In the process of spatial transformation, the typical situation is that the image will be distorted when the image is amplified. This is because there are some pixel locations not included in the transformed image. To illustrate this problem, assume that there is a 64x64 grayscale image a, and now the image is enlarged to 256x256, as shown in Image B, 1. Obviously, according to the simple ry conversion relationship, we can know that the pixel values (x, y) in the B image correspond to (X/4, Y/4) in the image) the pixel value, that is
B (x, y) = a (x/4, Y/4) (type 1)
For (4, 4), (4, 8), (4, 16 )... (256,256) the position in a can be calculated through Formula 1 to obtain the gray value. However, )... If the coordinate points are calculated according to formula 1, the coordinates corresponding to them in expression A are no longer integers. For example, for the coordinate point (0.25) in B, the corresponding coordinate in a is changed to (0.25 ). For digital images, decimal coordinates are meaningless. Therefore, we must consider using some method to obtain the gray level of the pixel in B at the corresponding position in.

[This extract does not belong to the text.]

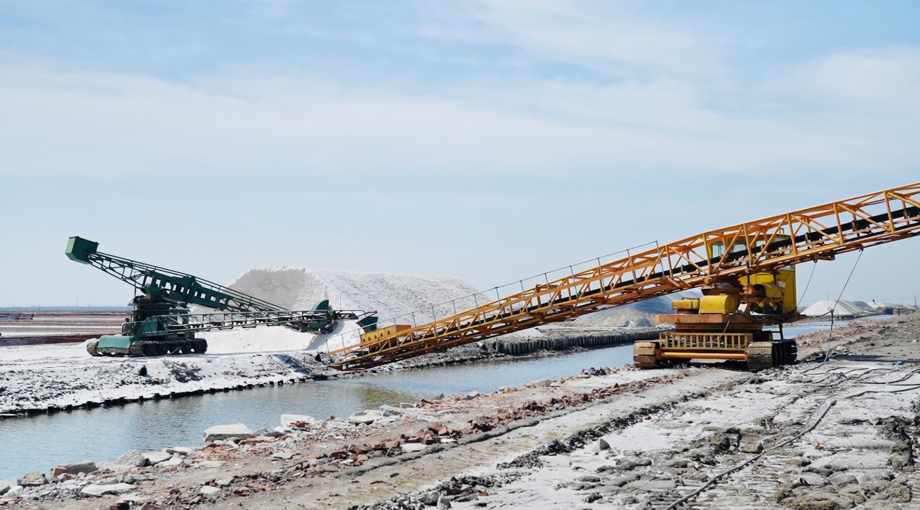 津滨网讯(记者 李婷婷 报道 刘汯林 周明健 摄影)又到一年收盐季,原盐收获正当时。连日来,位于天津长芦海晶集团滨海第一分公司的万亩原盐生产基地迎来丰收季,春茬原盐开始采收。阳光下,纵横排列的盐池犹如色彩斑斓的调色板,盐场各大片区组织机械、人力齐上阵,加快原盐采收进度。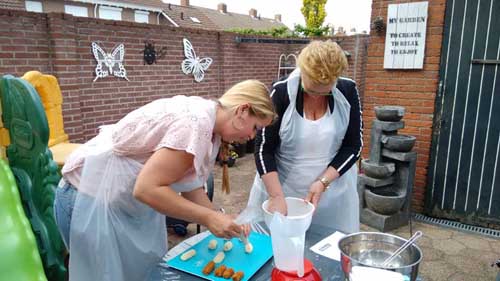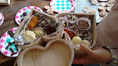 Bianca was dit keer aan de beurt om een leuke activiteit met vriendinnen te organiseren. Voorproefje met familie had ze al gehad en dit keer mochten de vriendinnen bonbons gaan maken samen met kookparty. Wat hebben ze een lol en plezier met elkaar gehad en dat dan ook nog eens het weer lekker meezat kon de middag al niet meer stuk. Na afloop konden de mooie hartendoosjes gevuld worden. Proeven doen ze later..... want er werd ook nog gezellig met elkaar gegeten. Boek ook eens een bonbonworkshop bij kookparty of één van de andere leuke party's bij kookparty en laat je verrassen met leuke recepten door de consulente.

The method for processing this problem is called gray-level Interpolation of images. There are three common interpolation methods: Recent neighbor interpolation, bilinear interpolation, and double cubic Interpolation. Theoretically, the latest neighbor interpolation has the worst effect, and the double three interpolation has the best effect. The bilinear interpolation effect is between the two. However, for image interpolation that is not strictly required, bilinear interpolation is usually enough.
This article uses MATLAB to implement a bilinear interpolation program.
The principle 2 of bilinear interpolation is shown in. There are two ways to map coordinates between images: if the source image is mapped to the target image, it is called forward ing, and vice versa, it is called backward ing. Obviously, bilinear interpolation uses backward ing.
The following describes the specific meaning of Figure 2. First, obtain the coordinates (x/4, Y/4) in the image from the coordinates (x, y) in the B Image Based on the geometric relationship. However, the mapped coordinates (x/4, Y/4) are not exactly the integer coordinates in the image a, but are mapped to four pixel coordinates (A, B), (a + 1, B), (a, B + 1), (a + 1, B + 1) between the rectangle, where, A and B are the integer coordinates of the image. The question now is how a (a, B), A (a + 1, B), A (A, B + 1), a (a + 1, B + 1) Calculate the gray level of A (x/4, Y/4) at the four points. The method used by bilinear interpolation technology is: assuming that the gray-scale changes of image a are linearly changed in the vertical direction, this can be obtained based on the linear equation or geometric proportional relationship (, gray Level A (A, Y/4) and a (a + 1, Y/4) (A + 1, Y/4) at y/4 coordinates ). Then, assume that in (A, Y/4), a (A, Y/4), and (A + 1, Y/4), a (a + 1, y/4) the gray level remains linear on the line determined by the two points. After finding the linear equation, we can obtain the gray level A (x/4, Y/4) at (X/4, Y/4 ). This is the basic idea of bilinear interpolation. Two basic assumptions are used: first, the gray level changes linearly in the vertical direction, and then it is assumed that the gray level also changes linearly in the horizontal direction.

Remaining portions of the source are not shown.